It's a daily podcast on macro, Bitcoin, and the big picture power shifts remaking our world.
What's going on, guys? It is Friday, August 4th, and today we are doing a primer on LK99.
Before we get into that, however, if you are enjoying the breakdown, please go subscribe to it,
give it a rating, give it a review, or if you want to dive deeper into the conversation,
come join us on the Breakers Discord.
You can find a link in the show notes or go to bit.ly slash breakdown pod.
Well, friends, there are a lot of jokes going around Twitter about people pivoting from
crypto to artificial intelligence to finally now moving on to superconductors.
And so, of course, I decided to completely embody that stereotype and do the primer show on
LK-99.
Now, in all seriousness, you know that the frame for everything on the breakdown network is
big picture power shifts.
And if this ends up being real, it would certainly qualify.
So today's goal is to give all of us lay folks and non-experts out there
a base-level understanding in what the hell is going on,
so we can try to follow along and understand how excited,
or on the other hand, disappointed to be, as more news comes out.
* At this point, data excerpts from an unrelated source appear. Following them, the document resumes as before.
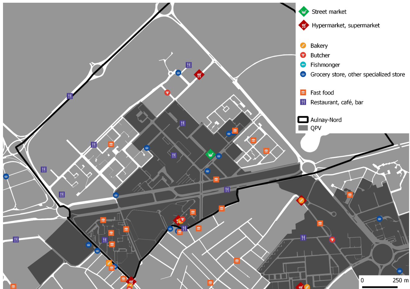
Map 2.3 – Retail food environment of Aulnay-Nord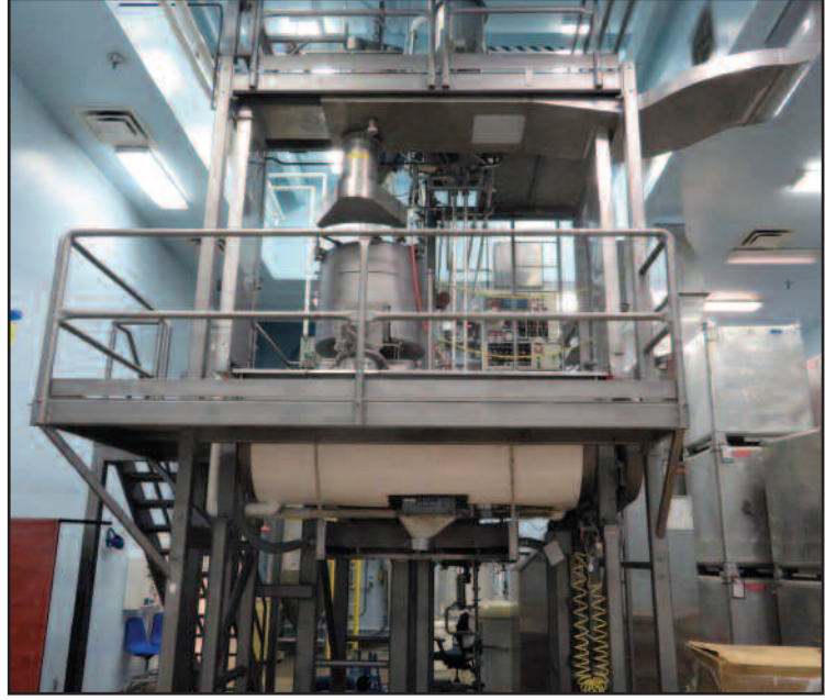
Henderon-Prodex Henschel Blender

Henderson-Prodex Mod. 115/SS, 100hp – 11.5 C.F. – 1750 RPM Henschel Mixer, (3) Weigh Scale Hoppers, 3' x 8' S.S. Ribbon Blender, (2) 80,000 Silos and Vacuum Loaders, (36) 4'x4' Aluminum Totes, S/N 74-322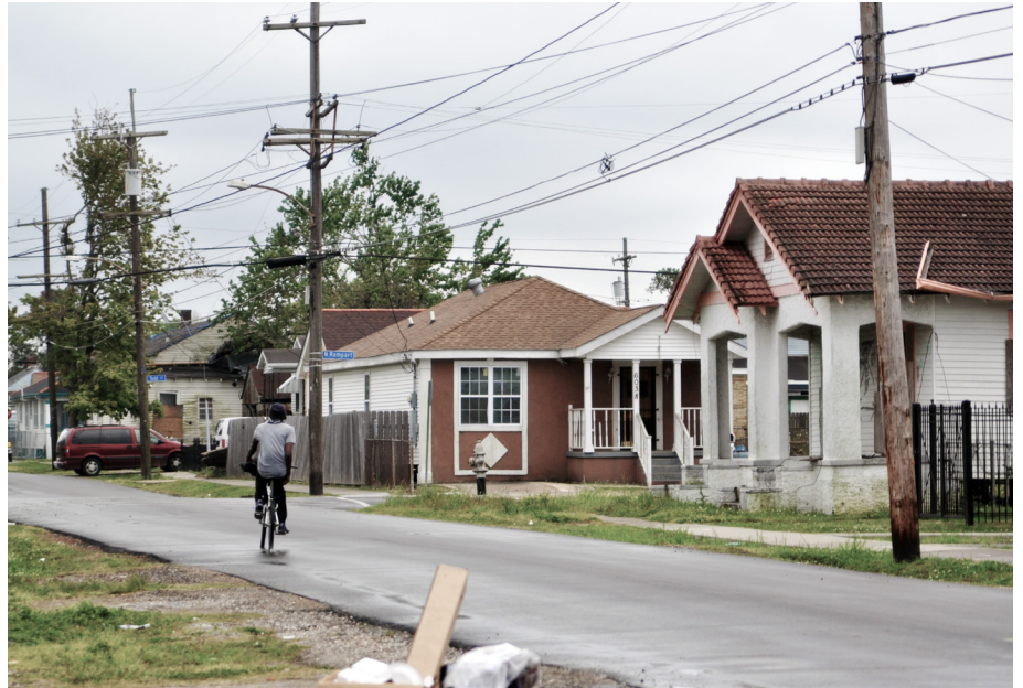
The Lower Ninth Ward

It might seem strange to some that college students would elect to spend their spring break rebuilding a destroyed neighborhood rather than relaxing on a beach, but Trieu explains, “They can make a positive impact in the lives of others with their spring break; they can learn more about the world around them; they can make new friends.” What could be more fun and rewarding than that?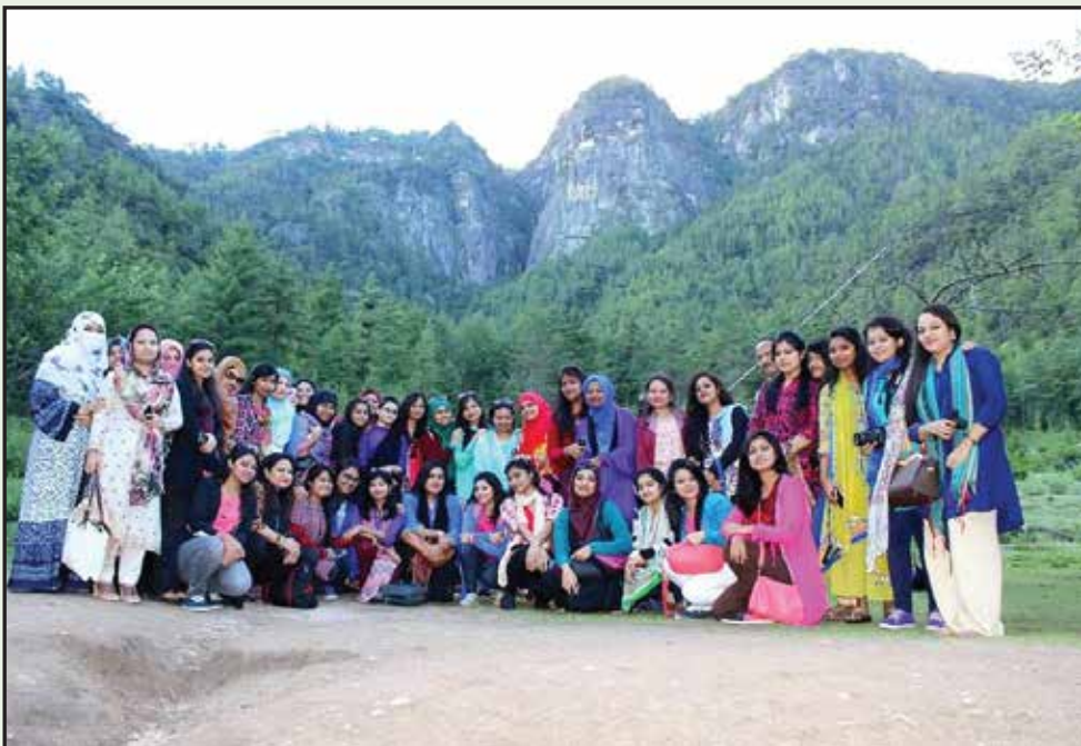
Study tour at Bhutan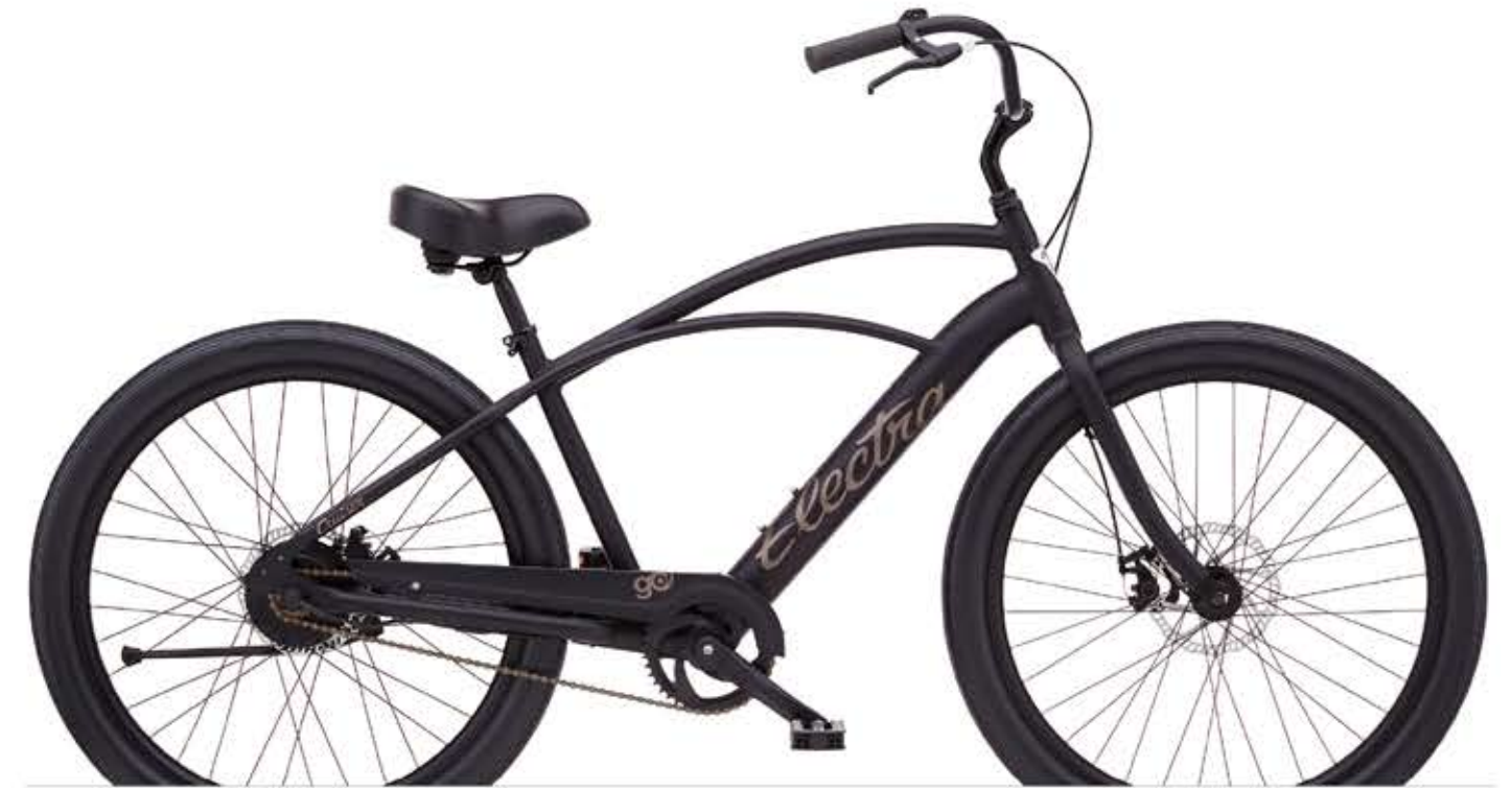
CRUISER GO! STEP-OVER / MATTE BLACK SAND / SINGLE-SPEED / 5272066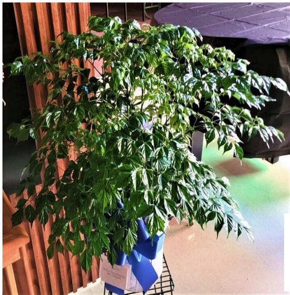
Scotland Good Samaritan Staff & Neighbors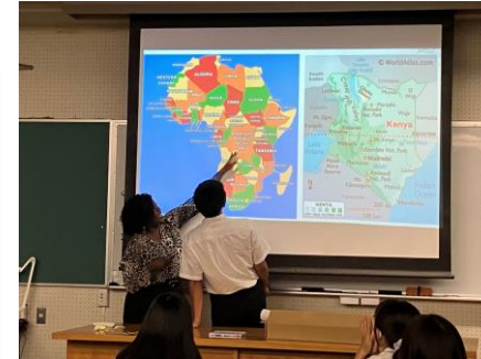
A game to find countries on the African continent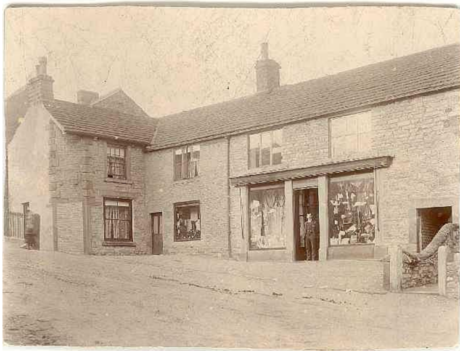
Shirt's House and Shop 1910

So what we are talking about is, of course, that in late July,
a pair of scientific papers were published,
claiming to have synthesized a superconducting material that operates at room
temperature and ambient pressure. The material was named LK99. Now initially, some optimists were very
excited, but by and large, the response was skeptical. This type of superconductor had been the subject
of high-profile scientific fraud just a few years ago, and some of the data presented in the
paper seemed questionable. The following week, one of the authors of the paper, Young Wan Kwan,
presented his team's findings at Korea University. And just to add more intrigue to the whole thing,
his appearance was shrouded in controversy. There were allegations that Kwan had uploaded the paper
without the consent of the other authors, unofficial from Korea University disavowed affiliation with Kwan,
saying that he was no longer in contact with the university. There was even some suggestion that
he had shown up unannounced to give the presentation. And already enthralled by the story,
the internet tuned into the Korean language presentation which fleshed out the data and the findings.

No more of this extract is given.